Mateus revela-nos o segredo: «Todo aquele que escuta as minhas palavras e as põe em prática é como o homem prudente que edificou a sua casa sobre a rocha». Escutar e pôr em prática; não se recusar nunca a pensar pela própria cabeça ... correr o risco de ser livre."

Portugal e os portugueses por Eça de Queirós

Estou a ler as Farpas (escritas a partir de 1871 por Eça e Ramalho Ortigão) e não resisto a deixar aqui algumas considerações que não podem ser, pelo menos para mim, mais actuais e justas.

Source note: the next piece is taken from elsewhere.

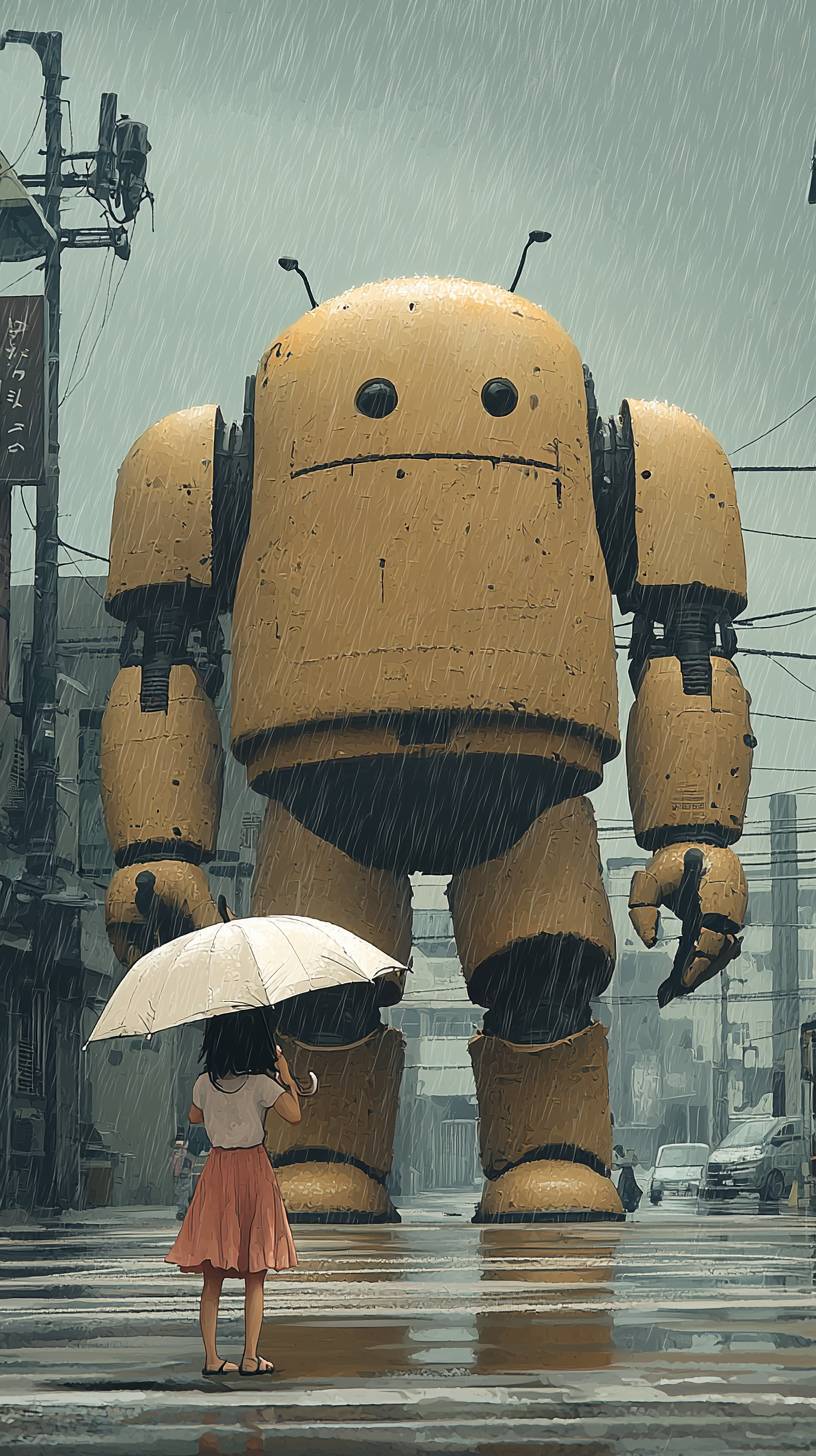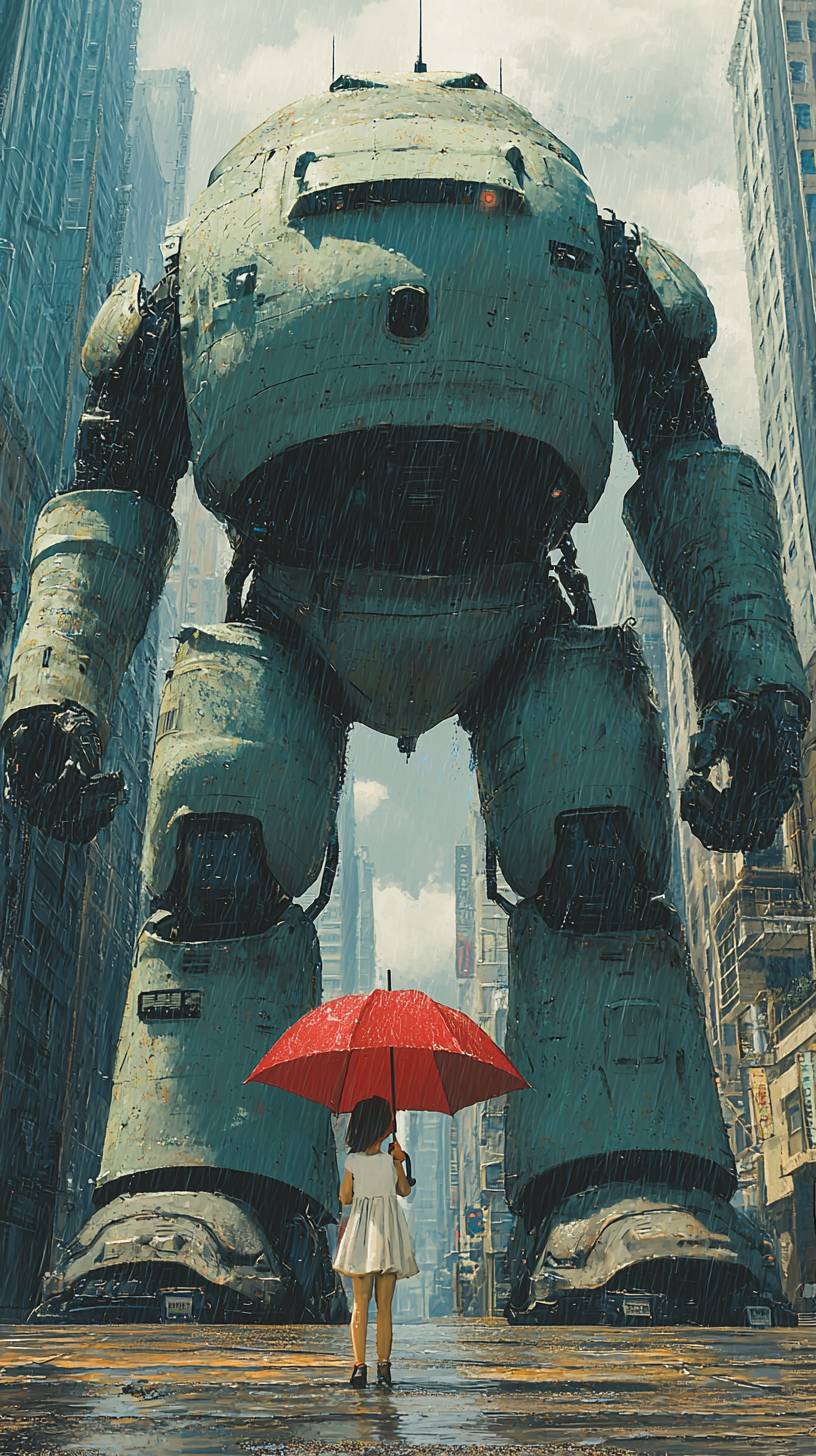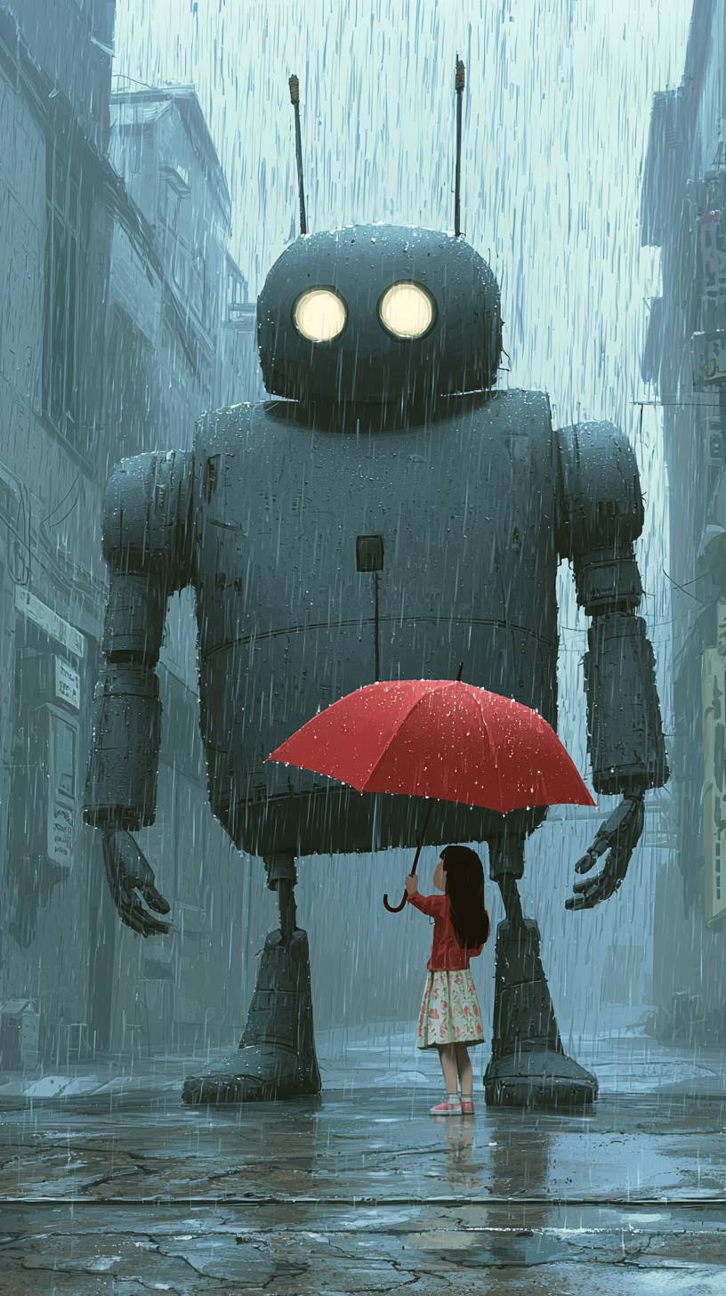 Colorful pop art artwork about a mighty gigantic robot receiving a umbrella from a toddler girl to cover him because of the heavy rain in a desert city square in a rainy day. Heavy rain, dark atmosphere, artwork by boris Vallejo, mordillo and robt williams, pastel colors and thicks contours, markers and pencil and watercolors --chaos 20 --quality 2 --style raw --personalize jkpkybv --stylize 300 --v 6.1 --ar 9:16

A propósito do encerramento das "Conferências do Casino", diz:
«... lembrem-se antes de tudo o que o país necessita é - força para o seu carácter, ciência para o seu espírito, justiça para a sua consciência! Falai-lhe das questões económicas, do salário, do trabalho, da família, da sanção moral, da educação ... A política deixai-a sempre ficar consigo mesma. O nosso grande erro em Portugal tem sido querer principiar constantemente as revoluções pela política, fazer dela uma causa ou um meio, quando logicamente e seguramente ela não pode nem deve ser nunca senão uma consequência ou um resultado»

E, já agora, a propósito dos programas, manuais escolares, exames nacionais e dos "iluminados" do Ministério da Educação que os aprovam, leia-se:
«... lancemos os olhos ao livro elementar destinado ao ensino agrícola nas escolas nacionais. O autor do compêndio que temos aberto a nossos olhos chama-se o sr. António Francisco Moreira de Sá*.Vamos ler.
Pergunta. A que se chama ferramenta de lavoura?
Resposta. A um instrumento simples, portátil, o qual posto que conste de diferentes partes, parece todavia feito de uma só peça.
P. A que se chama máquina de lavoura?
R. A máquina é um instrumento complicado e composto de várias peças, que se podem desarmar.
P. O que é arado?
R. É o que não tem jogo dianteiro.
P. Que se pode dizer do centeio?
R. Depois do trigo é dos mais úteis cereais.
P. Que se pode dizer do arroz?
R. O arroz é originário da Índia onde eles fazem do arroz o mesmo uso que nós do pão.
P. Que há a respeito do feijão?
R. O feijão divide-se em várias qualidades.
P. Que é necessário para haver bom esterco?
R. Sabê-lo produzir, conservar e empregar.»

Maravilhoso!!! Agora, atentem na continuação:
«O sr. Moreira de Sá, cujo livro tremendo e profundo como o olhar de um idiota, nós sentimos não poder reproduzir integralmente nestas páginas, prova nesta sua obra imortal que o autor conhece assustadoramente o grande mistério de produzir, conservar e empregar o esterco! A crítica extra-oficial respeita e admira neste livro todo uma leiva ubérrima de óptimos farináceos, e a única coisa que nos parece haver a respeito do feijão - além das qualidades em que ele se divide - é que este legume certamente se regalaria muito plantado neste livro.
As Farpas, em nome da agricultura portuguesa, folgam de ter esta ocasião de animar o sr. António Francisco Moreira de Sá e a crítica superior e oficial da instrução pública a que continuem a enriquecer-nos - produzindo.»

*(1825-1880) Professor de instrução primária, autor de muitos compêndios sobre variadas matérias e almanaques.